Two-stage ACs are more energy efficient, because they can adjust the cooling output depending on the outside temperature. They also provide more consistent temperatures inside the house, and are less likely to cycle on and off. This can make the environment inside the home more comfortable and save energy cost in the long run.

There are several signs that it may be time to change your air conditioning unit. Some of these include:

  • The unit is more than 10 years old
  • The unit requires frequent repairs
  • The unit is not cooling the house effectively
  • The unit is making strange noises
  • Your energy bills have increased significantly
  • Your unit has a refrigerant leak
  • Your unit has a moldy or musty smell If you are experiencing any of these issues, it may be time to consider replacing your air conditioning unit. Additionally, it's a good practice to have a professional inspect your unit on a regular basis to check for any potential issues and to perform regular maintenance. This can help prolong the life of your unit and ensure that it is running as efficiently as possible.

We accept all types of payments, including cash, credit and debit cards, and online payment methods such as PayPal and Apple Pay. We strive to make the checkout process as easy and convenient as possible for our customers. Whether you prefer to pay with cash, a card, or through an online platform, we have you covered. Rest assured that all of your payment information is processed securely, so you can shop with confidence.

A manufacturer warranty is a guarantee provided by the manufacturer of a product, such as an air conditioning (AC) unit, that the product will function as intended and be free from defects in materials and workmanship for a specified period of time. The warranty typically covers repairs or replacement of the product if it is found to be defective within the warranty period.

Manufacturer warranty for an AC unit typically covers the following components:

  • Compressor
  • Evaporator coil
  • Condenser coil
  • Refrigerant leaks
  • Electrical components

The length of the warranty can vary depending on the manufacturer and the specific product. It's usually ranges from 1 to 10 years. In some cases, it covers only certain parts of the unit and not the labor costs associated with repairs.

A manufacturer warranty is good for providing peace of mind to the consumer, knowing that they are protected against defects in the product. It's also good for the manufacturer as it is a way to increase the customer satisfaction, by giving them the confidence that they will be taken care of if something goes wrong with the product.

It's important to keep the proof of purchase and registration of the product, as it will be required to make a claim under the warranty. It's also important to follow the manufacturer's recommended maintenance schedule to ensure that the warranty remains valid.

A heat pump is a type of air conditioning (AC) system that can also function as a heater. A heat pump works by using a small amount of electricity to move heat from one location to another. In the summer, a heat pump acts as an air conditioner, removing heat from the inside of a home and transferring it outside. In the winter, it can be reversed, to transfer heat from the outside air into the home.
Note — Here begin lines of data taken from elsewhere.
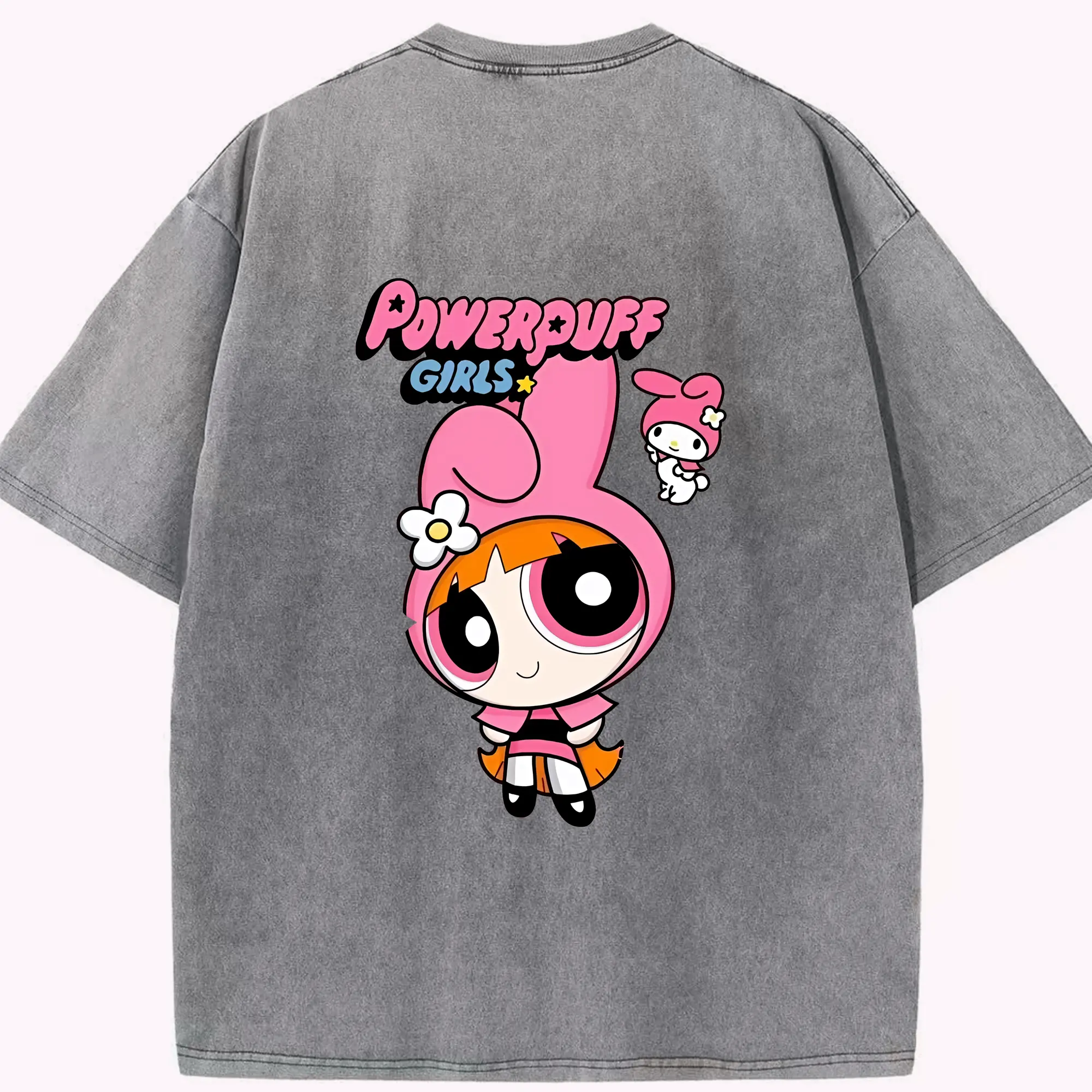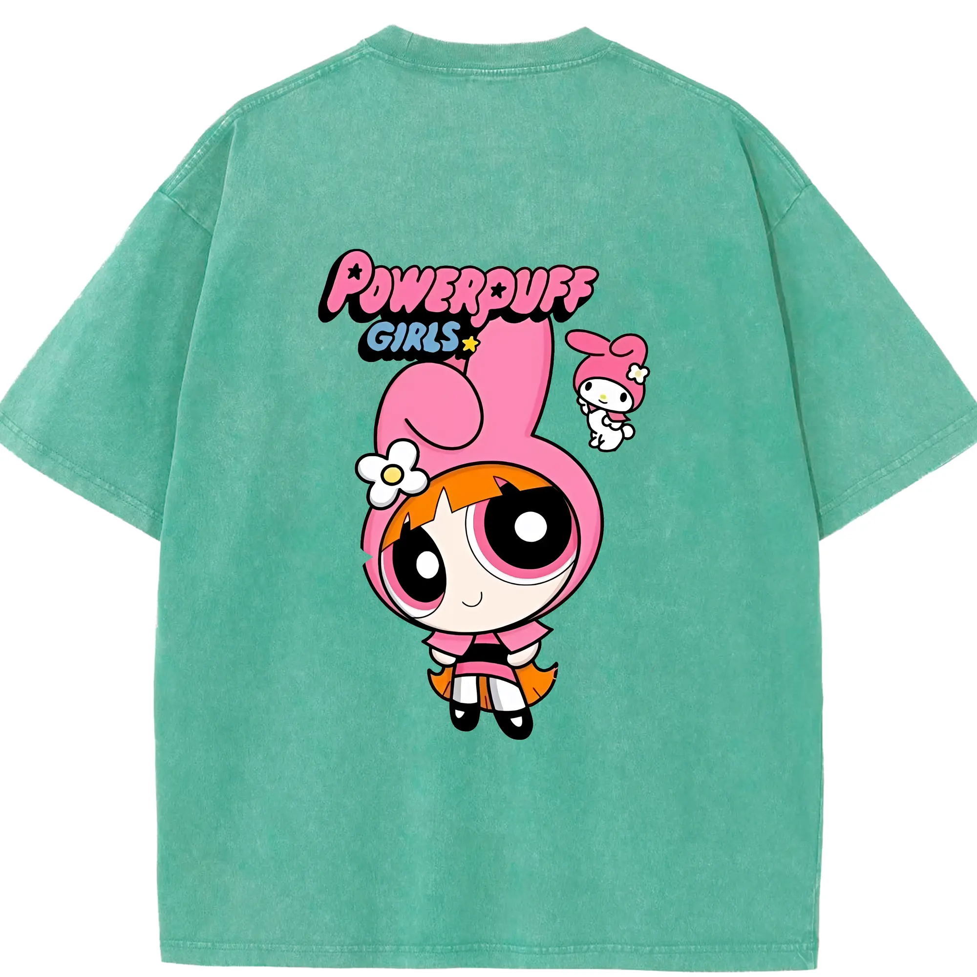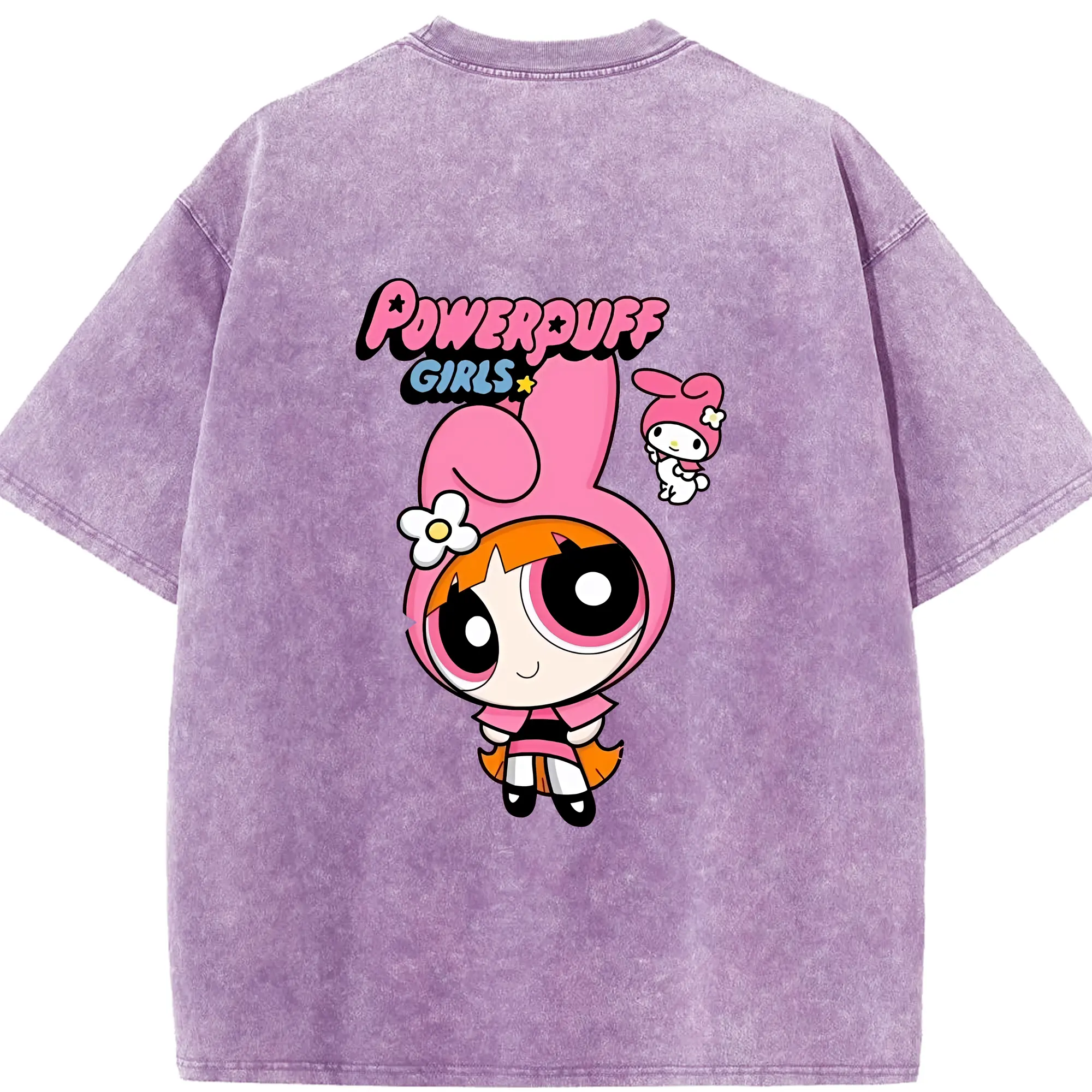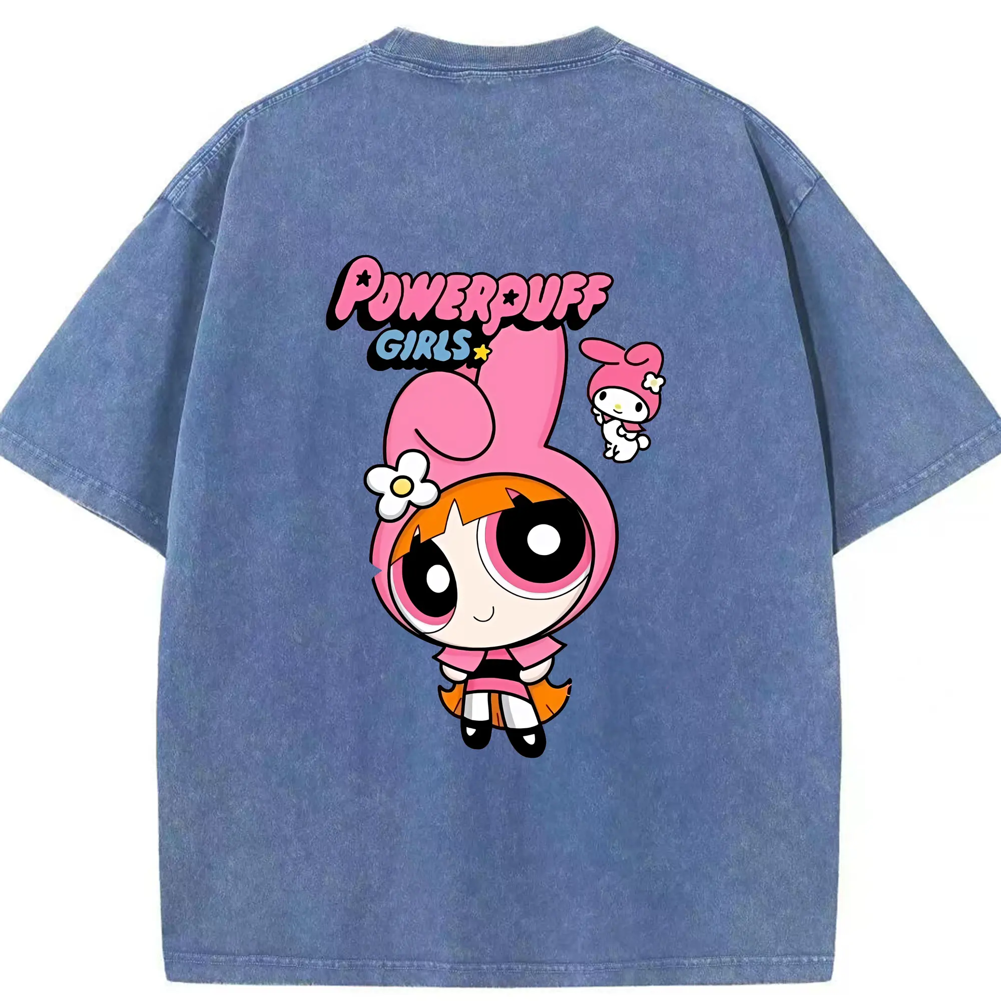 パワパフガールズ グッズ ブロッサム - 綿100% ヴィンテージ風 半袖Tシャツ ・ フロントプリント ・ 柔らか肌触り ・ 通気性 快適 ・ スポーツ カジュアル 外出用
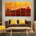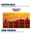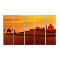 Beautiful Five Pieces Wall Painting of Camel Caravan Heading to Taj Mahal
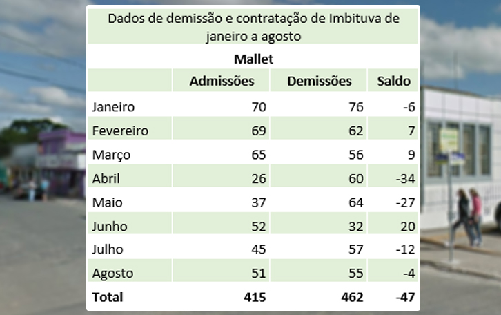 Apenas três municípios tiveram saldo negativo, ou seja, demitiram mais do que empregaram. Em Mallet, o saldo negativo foi de -4, com 51 empregos criados e 55 demissões. Em Rio Azul, foram 37 admissões e 40 demissões, com um saldo negativo de -3. Irati também contou com saldo negativo de -2, com 251 vagas preenchidas e 253 demissões.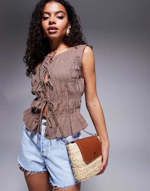 South Beach – Brązowa słomiana torebka crossbody z kontrastową klapką

Heat pumps are more energy efficient than traditional heating and cooling systems because they do not generate heat, they transfer it. They can be more effective at warming a home in moderate climates and can save energy cost compared to electric resistance heating.

There are two main types of heat pumps: air-source and ground-source. An air-source heat pump uses the air outside as a heat source, while a ground-source heat pump uses the ground as a heat source.

Heat pumps are also classified as single-stage and multi-stage, similar to regular ACs. Single-stage heat pumps have one compressor that runs at full capacity, while multi-stage heat pumps have two compressors that can operate at different levels, providing more consistent temperatures inside the home.